Üçlü Koalisyon Alternatifleri ÖVP ve SPÖ’nün birlikte oluşturduğu geleneksel “Büyük Koalisyon” sadece 93 sandalyeye ulaşarak zayıf bir çoğunluk sağlayabilir, bu da hükümetin istikrarsız olmasına yol açabilir. Üçlü koalisyon seçenekleri, ÖVP-SPÖ-NEOS veya ÖVP-SPÖ-Yeşiller kombinasyonları daha güçlü bir çoğunluk sunuyor. Ancak, bu tür üçlü koalisyonlar Avusturya tarihinde ilk kez deneneceği için zorlu müzakereler gerektirecek.

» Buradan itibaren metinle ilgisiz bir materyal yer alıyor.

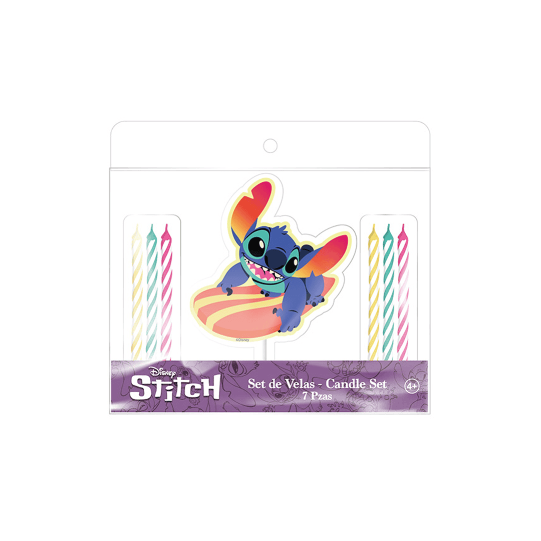 Vela Stitch paquete de 7 unidades. Diseño 2D de Stitch.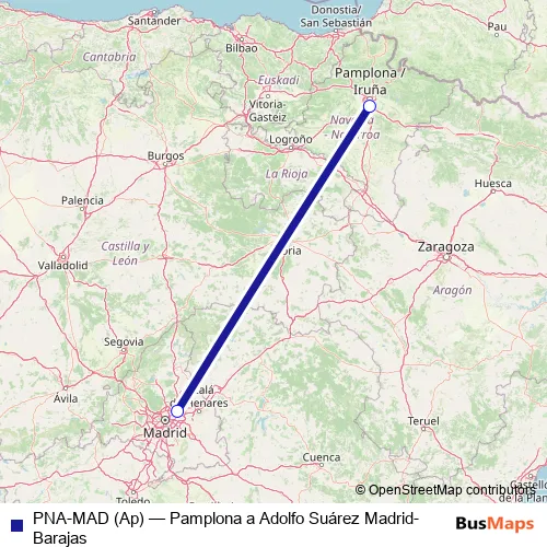 Click here to view the nearest PNA-MAD (Ap) - Pamplona a Adolfo Suárez Madrid-Barajas air stop.
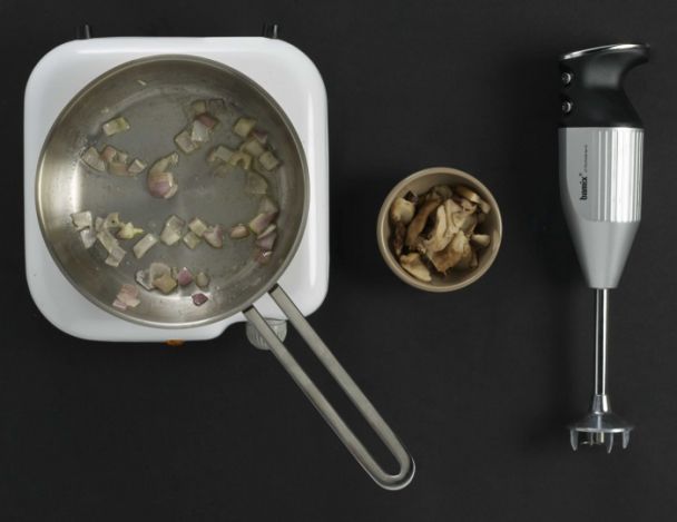 Nettoyer soigneusement les cèpes. Supprimer le dessous vert. Couper grossièrement. Couper l’échalote en gros morceaux et mettre en casserole avec le beurre. Ajouter les cèpes et laisser cuire jusqu'à évaporation de l’eau de végétation. Remuer constamment de façon à caraméliser l’ensemble. Débarrasser et mixer en purée. Rectifier l’assaisonnement puis refroidir.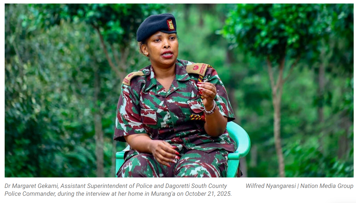 • As the first woman in the Administration Police with a PhD, she blends discipline, education, and passion for a greener, more inclusive Kenya.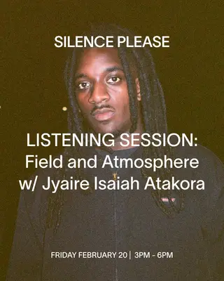 LISTENING SESSION: Field and Atmosphere with Jyaire Isaiah Atakora takes place at Silence Please in New York, United States on February 20, 2026. Ambient and Experimental sounds all night.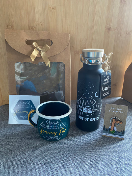 Campervan Gift Box Hamper Set - Enamel Mug, Sass & Belle water bottle plus keyring

Van der Bellen’in Rolü Cumhurbaşkanı Alexander Van der Bellen, seçim sonrası yaptığı açıklamada, hükümeti kuracak kişiyi belirlemek için tüm partilerle görüşeceğini söyledi. Van der Bellen, sürecin zaman alabileceğini belirtti ancak bu sürenin Avusturya’nın geleceği için iyi bir yatırım olacağını vurguladı.
Avusturya, şimdi hükümetin nasıl şekilleneceğini ve kimlerin ülkeyi yöneteceğini belirlemek için uzun ve belirsiz bir koalisyon pazarlığı sürecine girmiş durumda.